> [Data provided]
------------------------------------------------
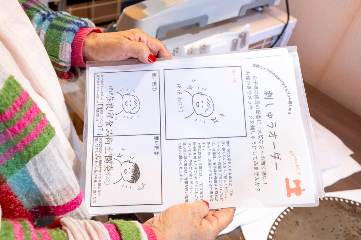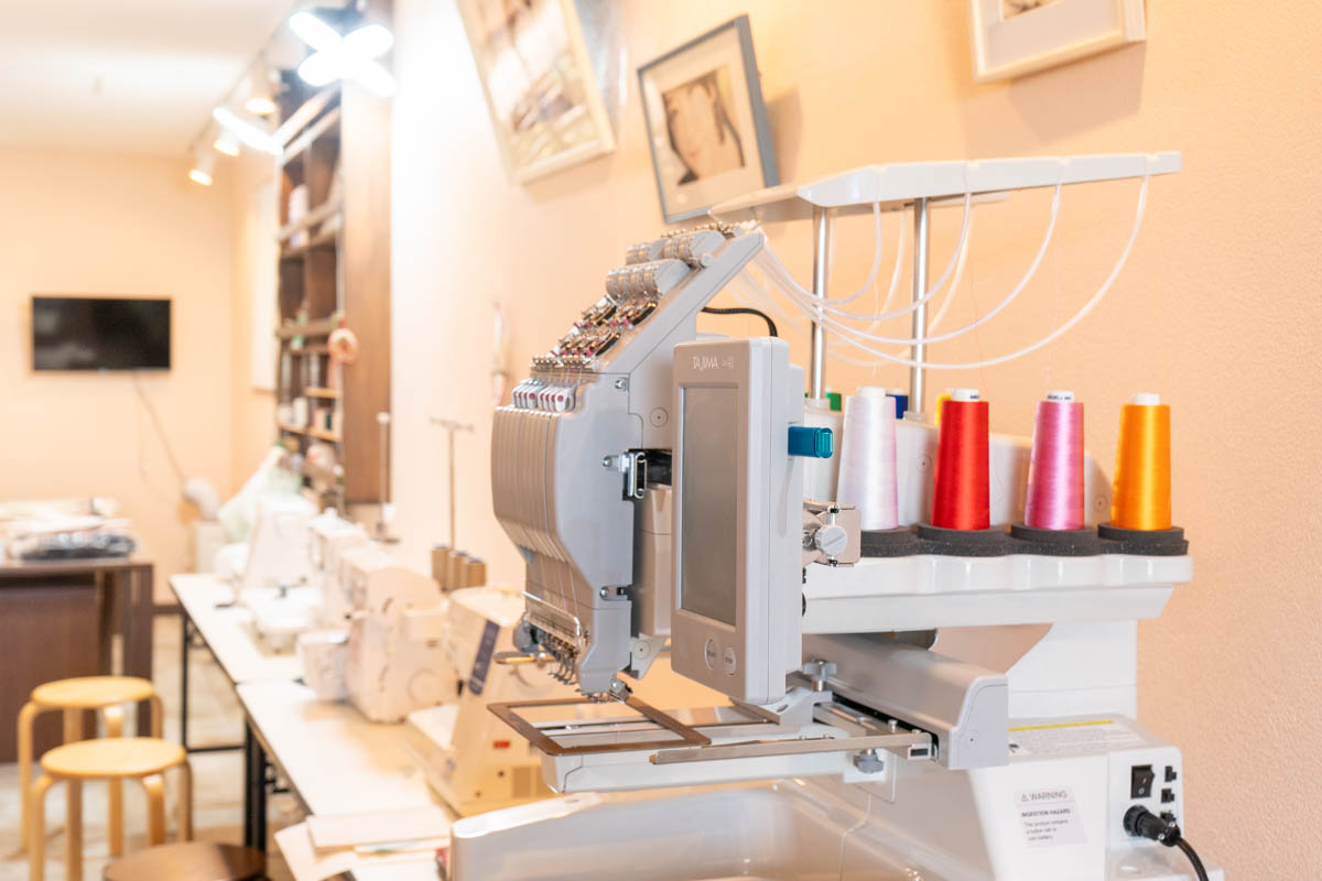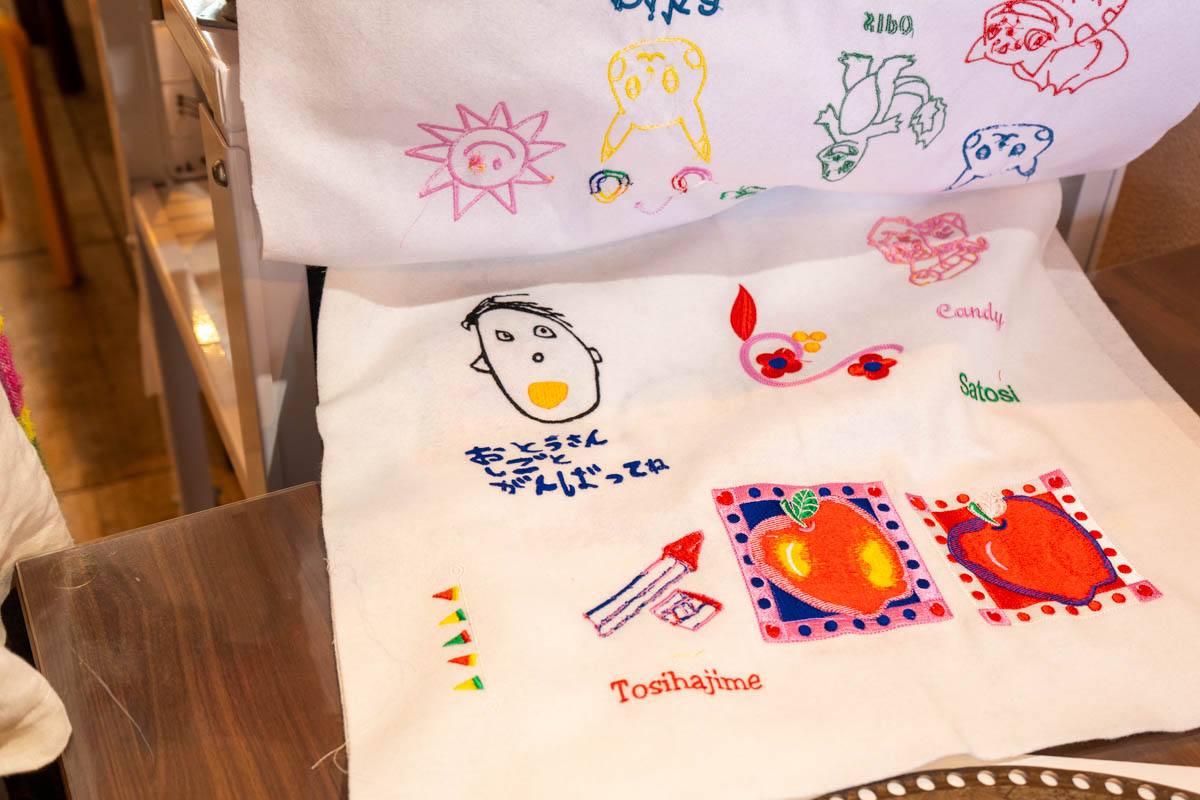 いろんなミシンがずらり。自分で書いたイラストを800円〜刺繍できるサービスなども行っているとのこと。父の日とかのプレゼントにめっちゃいいなと思いました!
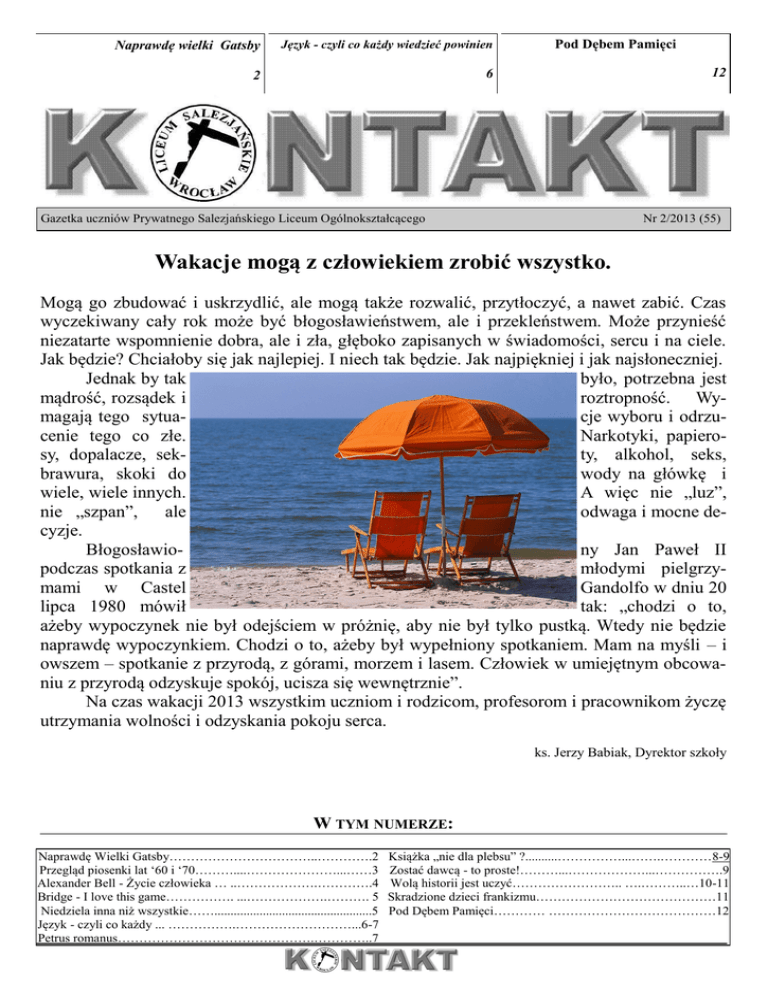Naprawdę wielki Gatsby Język - czyli co każdy wiedzieć powinien 2 6 Pod Dębem Pamięci 12 Gazetka uczniów Prywatnego Salezjańskiego Liceum Ogólnokształcącego Nr 2/2013 (55) Wakacje mogą z człowiekiem zrobić wszystko. Mogą go zbudować i uskrzydlić, ale mogą także rozwalić, przytłoczyć, a nawet zabić. Czas wyczekiwany cały rok może być błogosławieństwem, ale i przekleństwem. Może przynieść niezatarte wspomnienie dobra, ale i zła, głęboko zapisanych w świadomości, sercu i na ciele. Jak będzie? Chciałoby się jak najlepiej. I niech tak będzie. Jak najpiękniej i jak najsłoneczniej. Jednak by tak było, potrzebna jest mądrość, rozsądek i roztropność. Wymagają tego sytuacje wyboru i odrzucenie tego co złe. Narkotyki, papierosy, dopalacze, sekty, alkohol, seks, brawura, skoki do wody na główkę i wiele, wiele innych. A więc nie „luz”, nie „szpan”, ale odwaga i mocne decyzje. Błogosławiony Jan Paweł II podczas spotkania z młodymi pielgrzymami w Castel Gandolfo w dniu 20 lipca 1980 mówił tak: „chodzi o to, ażeby wypoczynek nie był odejściem w próżnię, aby nie był tylko pustką. Wtedy nie będzie naprawdę wypoczynkiem. Chodzi o to, ażeby był wypełniony spotkaniem. Mam na myśli – i owszem – spotkanie z przyrodą, z górami, morzem i lasem. Człowiek w umiejętnym obcowaniu z przyrodą odzyskuje spokój, ucisza się wewnętrznie”. Na czas wakacji 2013 wszystkim uczniom i rodzicom, profesorom i pracownikom życzę utrzymania wolności i odzyskania pokoju serca. ks. Jerzy Babiak, Dyrektor szkoły W TYM NUMERZE: Naprawdę Wielki Gatsby……………………………..………….2 Przegląd piosenki lat ‘60 i ‘70………....…………………...……3 Alexander Bell - Życie człowieka … ..……………….………….4 Bridge - I love this game……………. ...……………….………. 5 Niedziela inna niż wszystkie…….................................................5 Język - czyli co każdy ... …………….………………………...6-7 Petrus romanus……………………………………….…………..7 Książka „nie dla plebsu” ?..........……………...…….…………8-9 Zostać dawcą - to proste!………...………………...…………….9 Wolą historii jest uczyć…………………….. ….………..…10-11 Skradzione dzieci frankizmu……………………………………11 Pod Dębem Pamięci………… …………………………………12 NAPRAWDĘ WIELKI GATSBY Baz Luhrmann, reżyser takich filmów jak Australia czy nowoczesna adaptacja Romeo i Julii, po raz kolejny stworzył dzieło zachwycające rozmachem, choć nieco kontrowersyjne. „Wielki Gatsby”, jedna z najsłynniejszych powieści autorstwa wybitnego amerykańskiego pisarza, Francisa Scotta Fitzgeralda, na ekrany kin przenoszona była wielokrotnie. W Polsce najbardziej znana jest ekranizacja z 1974 roku, która znacznie różni się w swojej konwencji od tej przyjętej przez Luhrmanna. Akcja osadzona jest w Nowym Jorku lat dwudziestych, w erze jazzu i gwałtownego rozluźnienia obyczajów. Gatsby, tajemniczy milioner o nieznanej przeszłości, urządza w swojej posiadłości wystawne przyjęcia, na których hucznie bawi się śmietanka towarzyska wielkiego miasta. Jego sąsiad, Nick Carraway, jest początkującym ekonomistą, próbujących swoich sił na Wall Street. Mieszka w skromnym domku w pobliżu olbrzymiej rezydencji Gatsby’ego. Wkrótce pomiędzy Gatsbym a Carraway’em zaczyna rodzić się przyjacielska więź, a ekscentryczny bogacz prosi Nicka o przysługę. Pragnie spotkać się z jego kuzynką, Daisy, z którą przed laty połączyło go gwałtowne uczucie. Ta pozornie prosta fabuła, osnuta wokół rozpustnego życia wyższych sfer, przeradza się w jeden z najtragiczniejszych dramatów obyczajowych współczesnej kinematografii. Luhrmann doskonale bawi się uczuciami widza. Początkowo usypia jego czujność, przedstawiając sceny libacji alkoholowych, olbrzymich imprez, pełnego luksusu życia głównych bohaterów, by pod koniec filmu zaskoczyć go przepełnionym tragizmem zwieńczeniem wydarzeń. Najczęstszym zarzutem wobec adaptacji australijskiego reżysera jest wprowadzenie współczesnej muzyki, która nie wpasowuje się w klimat lat dwudziestych. Był to jednak zabieg zamierzony i udany: gdy w tle słychać Jay-Z, Lanę del Rey czy 2 Strona Florence Welch, widz czuje się niejako „jak u siebie”. Gdyby przedstawić przyjęcia, na których z gramofonu wydobywa się muzyka tamtej epoki, prawdopodobnie przeciętny odbiorca nie poczułby się tak oczarowany i w pewien sposób wchłonięty przez obraz dostatniego życia bohaterów. Tymczasem na zabawach u Gatsby’ego słychać nowoczesne przeboje, są obecne skąpo ubrane tancerki, a goście podjeżdżają z piskiem opon błyszczącymi samochodami. Choć początkowo byłam sceptycznie nastawiona do ścieżki dźwiękowej, która przywodziła na myśl raczej uzupełnienie filmu gangsterskiego niż dramatu, po skończonym seanse zrozumiałam, że idea ta była uzasadniona, a wręcz konieczna dla uwspółcześnienia przekazu powieści Fitzgeralda. W The Guardian ukazała się recenzja, która sugeruje, że „Wielki Gatsby” to przerost formy nad treścią. W istocie, można odnieść wrażenie, że przez większość filmu mamy do czynienia z niezbyt ambitnym kinem drugiej kategorii, jednak żadna scena i żadna minuta nie są tutaj zbędne. Wszystkie zmierzają ku wstrząsającemu zakończeniu. I chociaż faktycznie rozwiązanie akcji trwa zaledwie ułamek w porównaniu do pozostałych dwóch godzin budowania napięcia, to również owe pozorne powierzchowne potraktowanie kluczowego dla fabuły momentu, jedynie zwiększa jego rangę w oczach widza. Niefortunne wydarzenia następują po sobie tak szybko, że widz pozostaje z niemym niedowierzaniem. Jak to się mogło stać? Przecież w tym sztucz
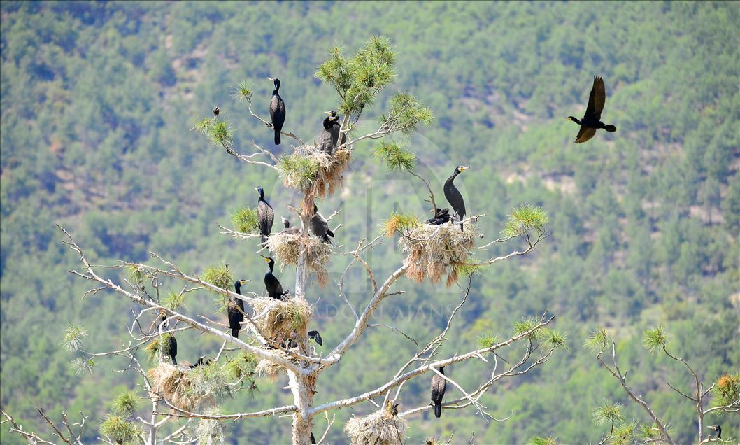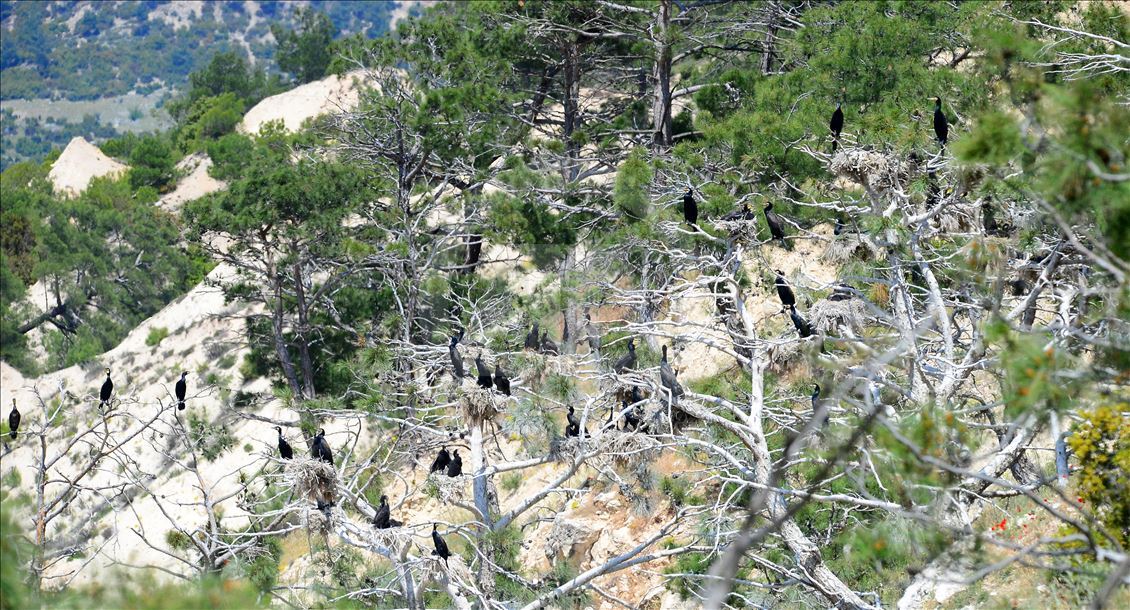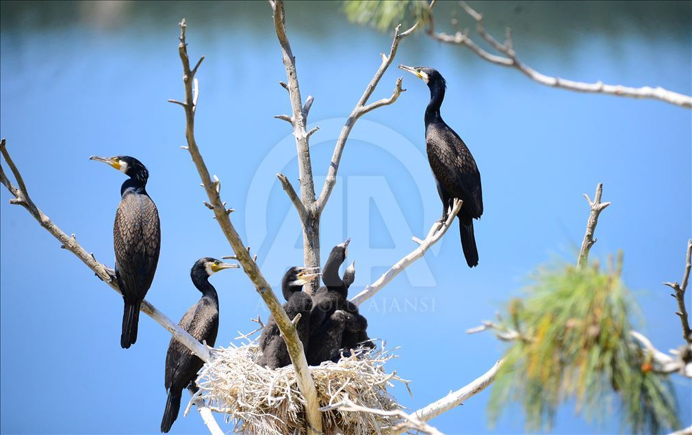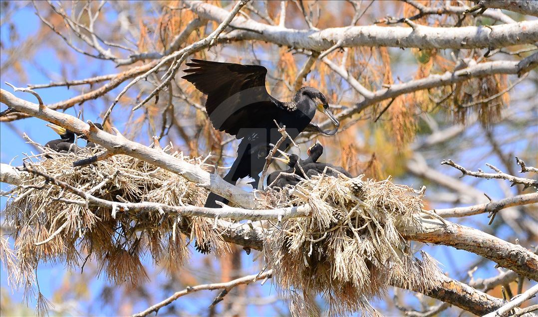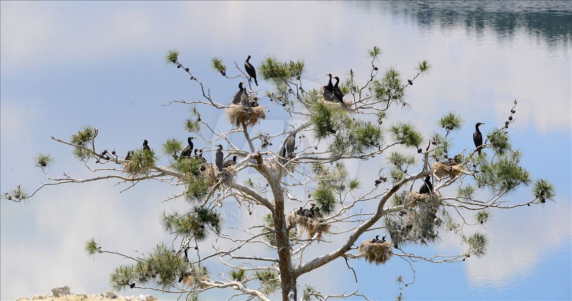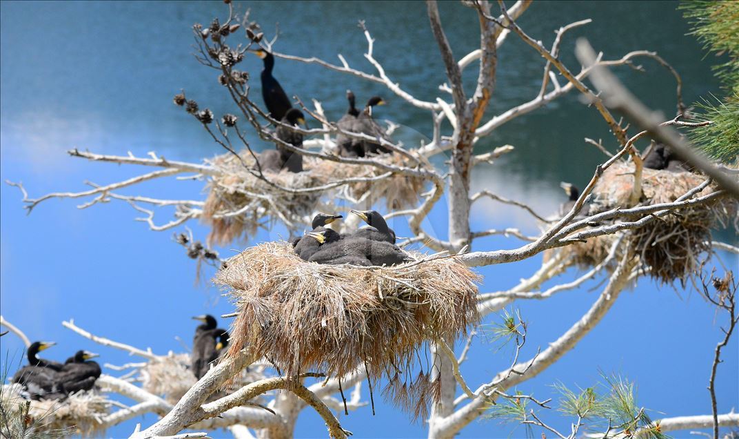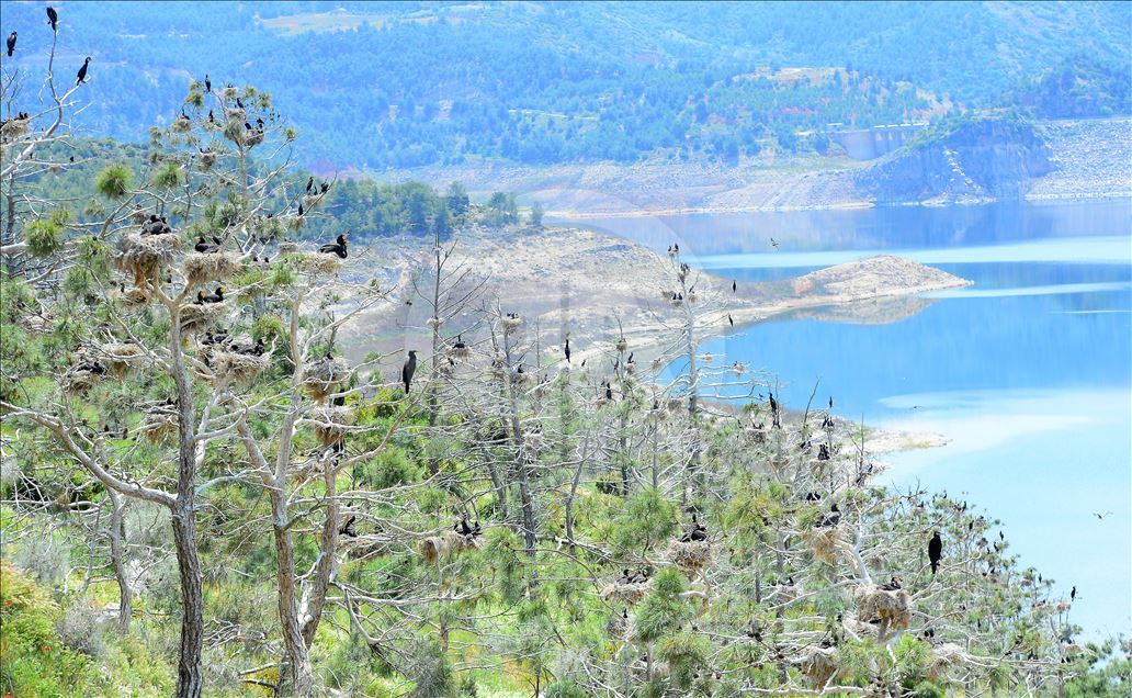 Uşak'ın Ulubey ilçesindeki Adıgüzeller Barajı su havzasında gri balıkçıl ve karabatak üreme noktasında sürdürülen etkin koruma yöntemleriyle bu yıl rekor kuş sayısına ulaşıldı.
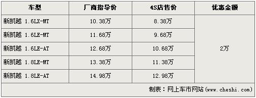 據(jù)4S店銷(xiāo)售人員介紹,新凱越分為1.6L與1.8L兩種排量車(chē)型,目前新凱越的1.6L全系優(yōu)惠2萬(wàn)元,較上個(gè)月的優(yōu)惠降幅有所回縮。經(jīng)優(yōu)惠后,全系最低配的1.6LX-MT車(chē)型售價(jià)回升到了8.38萬(wàn)元。經(jīng)優(yōu)惠后,1.8L手動(dòng)和自動(dòng)兩款車(chē)型售價(jià)也回升到了11.38萬(wàn)元和12.98萬(wàn)元。銷(xiāo)售人員還介紹,目前1.6L車(chē)型店內(nèi)無(wú)現(xiàn)車(chē),欲購(gòu)買(mǎi)者需交訂金2000元,下個(gè)月才可提車(chē)。
------------------------------------------------
> [Your assignment]
Leaving aside every picture, transcribe exactly the lines that run from the one with "Uşak'ın Ulubey ilçesindeki" to the close of the listing above.

> [Exercise response]
 Uşak'ın Ulubey ilçesindeki Adıgüzeller Barajı su havzasında gri balıkçıl ve karabatak üreme noktasında sürdürülen etkin koruma yöntemleriyle bu yıl rekor kuş sayısına ulaşıldı.
 據(jù)4S店銷(xiāo)售人員介紹,新凱越分為1.6L與1.8L兩種排量車(chē)型,目前新凱越的1.6L全系優(yōu)惠2萬(wàn)元,較上個(gè)月的優(yōu)惠降幅有所回縮。經(jīng)優(yōu)惠后,全系最低配的1.6LX-MT車(chē)型售價(jià)回升到了8.38萬(wàn)元。經(jīng)優(yōu)惠后,1.8L手動(dòng)和自動(dòng)兩款車(chē)型售價(jià)也回升到了11.38萬(wàn)元和12.98萬(wàn)元。銷(xiāo)售人員還介紹,目前1.6L車(chē)型店內(nèi)無(wú)現(xiàn)車(chē),欲購(gòu)買(mǎi)者需交訂金2000元,下個(gè)月才可提車(chē)。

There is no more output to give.